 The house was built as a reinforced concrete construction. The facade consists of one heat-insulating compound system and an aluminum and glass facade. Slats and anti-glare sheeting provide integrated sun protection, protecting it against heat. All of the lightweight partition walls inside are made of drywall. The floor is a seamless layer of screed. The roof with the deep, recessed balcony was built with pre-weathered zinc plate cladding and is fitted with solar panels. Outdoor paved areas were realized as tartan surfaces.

————

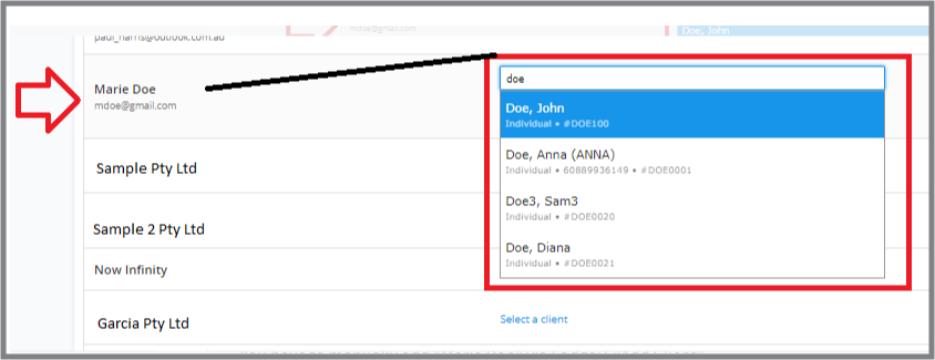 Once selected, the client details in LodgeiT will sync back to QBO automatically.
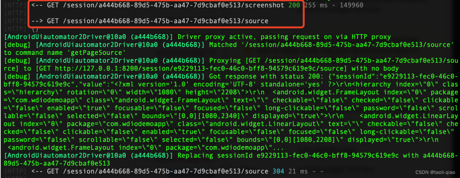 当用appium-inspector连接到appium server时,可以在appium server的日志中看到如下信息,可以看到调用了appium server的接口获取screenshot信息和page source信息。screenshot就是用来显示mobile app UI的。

————

— TO DO —
Going by the data above, the answer is exactly the lines from the one holding "Once selected, the" to the one holding "source信息。screenshot就是用来显示mobile app UI的。", both kept, with the pictures left out.

— SOLVED PROBLEM —
 Once selected, the client details in LodgeiT will sync back to QBO automatically.
 当用appium-inspector连接到appium server时,可以在appium server的日志中看到如下信息,可以看到调用了appium server的接口获取screenshot信息和page source信息。screenshot就是用来显示mobile app UI的。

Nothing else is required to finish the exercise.